Angiogenesis. 2015 Jul;18(3):245-54. doi: 10.1007/s10456-015-9463-8. Epub 2015 Mar 21.
Nitric oxide (NO) acts as essential regulator of vasculogenesis and angiogenesis and is critical for arteriogenesis. Whether NO's effects in vivo are mediated through NO-sensitive guanylyl cyclase (NO-GC) and thus by cGMP-dependent mechanisms has been only poorly addressed. Mice lacking NO-GC globally or specifically in smooth muscle cells (SMC) or endothelial cells (EC) were subjected to two established models for arteriogenesis and angiogenesis, namely hindlimb ischemia and oxygen-induced retinopathy. Our data clearly show the involvement of NO-GC in the recovery of blood flow after hindlimb ischemia, and this effect could be attributed to NO-GC in SMC. In the retina, global deletion of NO-GC led to reduced oxygen-induced vessel loss and hypoxia-induced capillary regrowth, whereas pathological neovascularization was increased. These effects were also seen in mice with SMC-specific NO-GC deletion but not in animals lacking NO-GC in EC. Intriguingly, NO-GC was found to be strongly expressed in retinal pericytes. Our data prove the involvement of NO-GC in growth and plasticity of hindlimb and retinal vasculature after ischemic/hypoxic insult.
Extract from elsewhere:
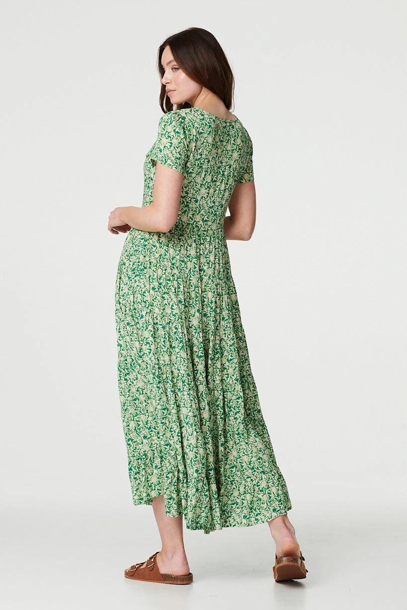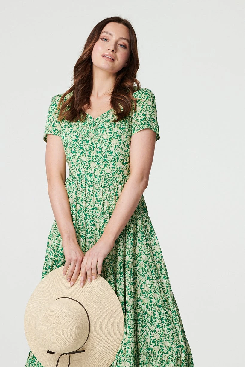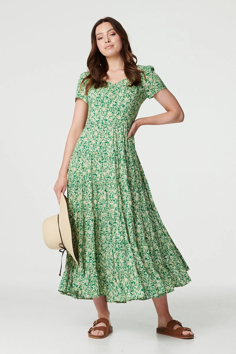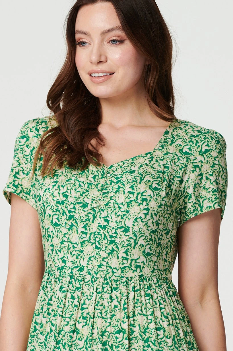 For a timeless and feminine silhouette, try this pleated midi dress. It has a flattering sweetheart neckline with short sleeves, a shirred bodice and a pleated skirt. The midi length hem looks stylish all year round – just pair your favourite sandals to look effortlessly cool on a hot day.
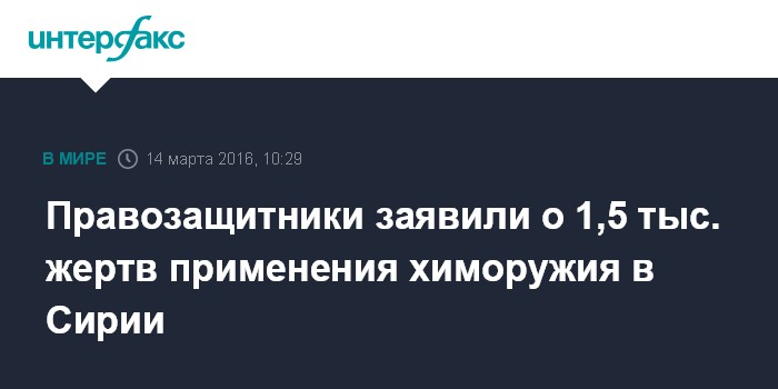 Москва. 14 марта. INTERFAX.RU - За время конфликта в Сирии химоружие применялось 161 раз, жертвами этих атак стали не менее 1,5 тыс. человек, сообщает в понедельник агентство AP со ссылкой на доклад Сирийско-американского медицинского общества.

一氧化氮(NO)是血管生成和血管新生的重要调节因子,对动脉生成至关重要。NO在体内的作用是否通过对NO敏感的鸟苷酸环化酶(NO-GC)介导,进而通过依赖环磷酸鸟苷(cGMP)的机制介导,目前研究较少。利用两种已建立的动脉生成和血管新生模型,即后肢缺血和氧诱导性视网膜病变,对全身或平滑肌细胞(SMC)或内皮细胞(EC)特异性缺乏NO-GC的小鼠进行研究。我们的数据清楚地表明,NO-GC参与后肢缺血后血流的恢复,这种作用可归因于SMC中的NO-GC。在视网膜中,NO-GC的整体缺失导致氧诱导的血管丢失减少和缺氧诱导的毛细血管再生减少,而病理性新生血管形成增加。在SMC特异性缺失NO-GC的小鼠中也观察到了这些效应,但在EC中缺乏NO-GC的动物中未观察到。有趣的是,发现NO-GC在视网膜周细胞中强烈表达。我们的数据证明,NO-GC参与缺血/缺氧损伤后后肢和视网膜血管系统的生长和可塑性。